Wireless Networks

Wireless Networks Are Easy To Setup

In 1997, the Institute of Electrical and Electronics Engineers (IEEE) created the first wireless LAN standard - 802.11. Because it could only support a maximum bandwidth of 2Mbps, 802.11 wireless products are no longer being manufactured. The next wireless version was 802.11b, which supports bandwidths of up to 11Mbps, followed by the creation of 802.11g, which supports bandwidth up to 54Mbps. Here is a brief summary of the two wireless standards used in home networks today.

802.11b Wireless Networks

This technology supports bandwidth up to 11MBps, which is comparable to the speeds of traditional Ethernets. 802.11b uses the same 2.4GHz radio signaling as the original 802.11 standard. Because it is an unregulated frequency, 802.11b devices run the risk of incurring interference from appliances that use the same 2.4 GHz range, such as microwaves and cordless phones. However, if you install 802.11b devices out of range of other appliances, you can avoid the interference.

802.11g Wireless Networks

This technology supports of up to 54 Mbps, uses the 2.4 GHz frequency and is backwards compatible with 802.11b devices. 802.11g supports more simultaneous users, offers the best signal range and is not easily obstructed. The disadvantages of 802.11g are higher cost and possible interference with appliances on the unregulated signal frequency.

Wireless computers and routers use radio waves to communicate. Those waves are sometimes strong enough to carry outside your house. If your network is unprotected, your information could be hacked. Many intruders already know this. They'll drive through neighborhoods searching for stray signals with radio equipment. With the right information, they could access your networked computers and files. They could even borrow your Internet connection. Hackers search for networks that use the default factory settings. Those settings usually include no security. You need to protect your network by reconfiguring your wireless router for security.

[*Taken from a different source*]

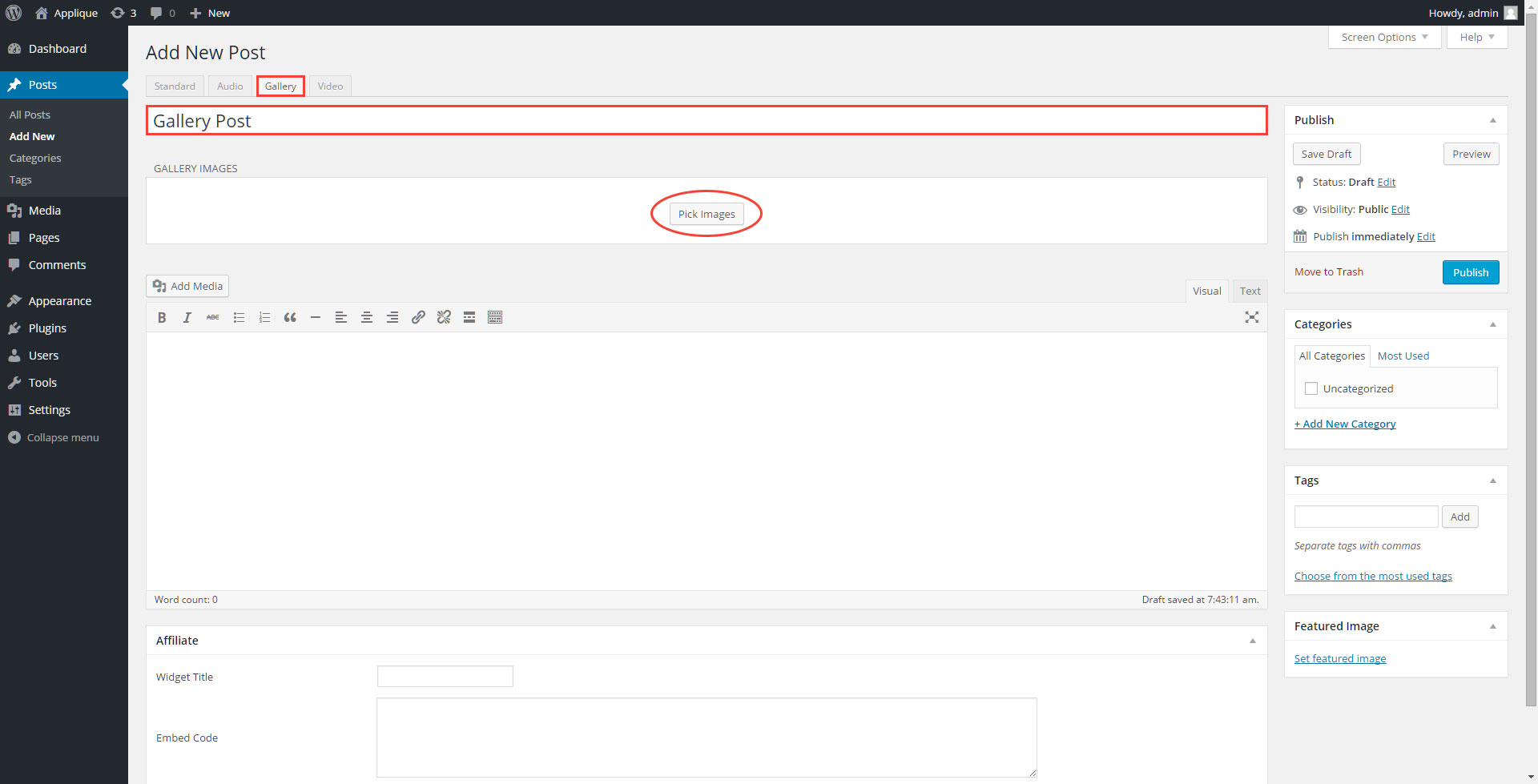 A gallery post allows you to create a slideshow-type gallery at the top of your post. After clicking the “Gallery” tab to choose this post format option, click the “Pick Images” button within the “Gallery Images” box that appeared. Select whatever images you’d like from your WordPress Media Library.

Wireless routers are configured through a browser such as Internet Explorer. First, you need to connect your wireless router to a computer with a Network Interface Card (NIC). Connect the router from one of it's LAN ports to your computers Network Interface Card using a RJ-45 cable.

Open your Internet browser. To communicate with the router, you'll need its IP address. You can find this in your manual under a heading like "configuration setup" or "manual configuration." Most routers, for example, have an IP address like Type it directly into your Internet browser's address bar. You'll then be prompted for a user name and password. These will also be listed in your manual.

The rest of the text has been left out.